Tien voor elf. Het had een eeuwigheid geduurd. Nerveus nam hij plaats op de achterbank en stak zijn hand door het speaker gat in het rugpaneel.
‘Anouk?’
Het was voor het eerst in al die dagen dat hij haar voornaam noemde. Zijn hand raakte haar rug en hij voelde haar bewegen. Hij bukte en gluurde door het gat naar de kofferbak.
‘Ik doe je blinddoek even af. Kun je me verstaan?’
‘Ja.’
‘Draai op je zij, in de richting van mijn stem. Nog een klein stukje… Ik neem even snel de tekst met je door. We oefenen de woorden en na een paar keer herhalen weet je het wel. Zodra ik je vader aan de lijn heb, houd ik de telefoon voor je mond. Jij houdt je aan de tekst en zodra je afwijkt, verbreek ik direct de verbinding. Dan gaan we terug en dan doen Karl en Eric de rest. Ik garandeer je dat het een pijnlijke confrontatie wordt. Niet alleen voor jou. Wil je je familie in gevaar brengen? Nee toch? En als je pech hebt, dan schuift de levering een week op, en dat wordt beslist geen leuke week. Ik neem aan dat je daar niet op zit te wachten.’
‘Nee. Ik doe precies wat jullie vragen. Echt waar…’
Het was auto nummer zes. Een zwarte Renault met een Belgisch kenteken, bestuurd door een medewerkster van het Belgische opsporingsteam. Haar blik was strak op de weg gericht alsof ze de Ford Escort in de berm niet had opgemerkt. In het voorbijgaan had ze via haar achteruitkijkspiegel de kentekenplaat gecontroleerd. Ze glimlachte toen ze het nummer herkende, en zocht contact met haar leidinggevende.
‘Object gesignaleerd langs de route.

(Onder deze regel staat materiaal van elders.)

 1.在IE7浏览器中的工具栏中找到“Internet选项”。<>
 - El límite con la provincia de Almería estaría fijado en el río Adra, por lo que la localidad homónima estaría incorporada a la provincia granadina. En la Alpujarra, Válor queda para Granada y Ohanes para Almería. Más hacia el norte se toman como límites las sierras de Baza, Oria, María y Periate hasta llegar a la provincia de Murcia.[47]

De auto staat ter hoogte van wegmarkering 456, langs de smalle tweebaansweg geparkeerd. Een lastig punt om ongemerkt te benaderen. Er zit een manspersoon achter het stuur en meer heb ik niet gezien. Er zijn geen uitvalswegen en ik heb geen andere voertuigen op het traject waargenomen. Waarschijnlijk is hij toch alleen. Ik kom naar het verzamelpunt om de waarneming door te praten.’

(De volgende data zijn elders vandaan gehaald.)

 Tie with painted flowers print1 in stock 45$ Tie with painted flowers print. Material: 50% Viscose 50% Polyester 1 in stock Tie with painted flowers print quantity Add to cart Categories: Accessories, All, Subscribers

‘Prima werk, Maya’, liet Wim Janssen zijn medewerkster weten. ‘Ik geef het door aan onze Nederlandse collega's.’
‘We hebben hem’, meldde Janssen met een zweem van trots in zijn stem. ‘De Ford Escort is op Belgisch grondgebied gesignaleerd, maar wel dicht bij de Nederlandse grens. We kunnen het best het object in een straal van vijf kilometer omsingelen.’
Hoogeboom had een tijdelijke werkplek in de tapkamer in Wijchen gecreëerd om van daaruit zijn teams aan te sturen.
‘Ze hebben hem!’ had hij door de tapkamer gebruld en een moment van opwinding golfde door de kamer.
Andijk sprong uit zijn stoel op en schaarde zich achter de stoel van de OT-commandant.
Hoogeboom noteerde de locatie van de Ford op de kaart en keek op zijn horloge. ‘Het is acht minuten voor negen. Om elf uur is er contact met de familie en het slachtoffer. Zolang we niet weten waar het kind zit, kunnen we niet ingrijpen. Heb je het object onder controle? Is de man alleen?’
‘We hebben het voertuig nog niet onder controle en we hebben alleen een bestuurder’, liet Janssen hem spijtig weten.
‘Tot nu toe hebben we nog geen tweede object gesignaleerd. Waarschijnlijk observeert hij de boel, want hij heeft een perfect zicht over de route. Misschien dat zijn handlangers zich ergens in het dal ophouden. We proberen het object te benaderen, maar via de tweebaansweg is dat onmogelijk. We gaan de mogelijkheden hier afwegen. Je hoort nog van ons.’
‘Oké. Ik sluit ondertussen het grensgebied af met mijn mensen. Houd de lijn open…’
‘Prima!’
Ze stonden gebogen over de satellietfoto van het gebied, waarop elk zandpad en waterstroompje nauwkeurig stond aangegeven. Johan Verweij liet zijn vingers langs de route glijden terwijl hij zijn commandant uitleg gaf bij zijn plan.
Het was geen eenvoudig plan en de operatie bracht de nodige risico's met zich mee. Maar ze waren het er allemaal over eens dat het de enige manier was, misschien wel hun laatste kans om de daders te pakken te krijgen. Veel tijd om de risico's door te nemen had men niet. Het plan werd met Hoogeboom doorgesproken en men ging uiteindelijk akkoord. Twee Nederlandse OT-medewerkers zouden zich aansluiten bij het Belgische team. Hierdoor telde het team acht experts.
Ondertussen tikte de tijd weg. Het was kwart voor tien.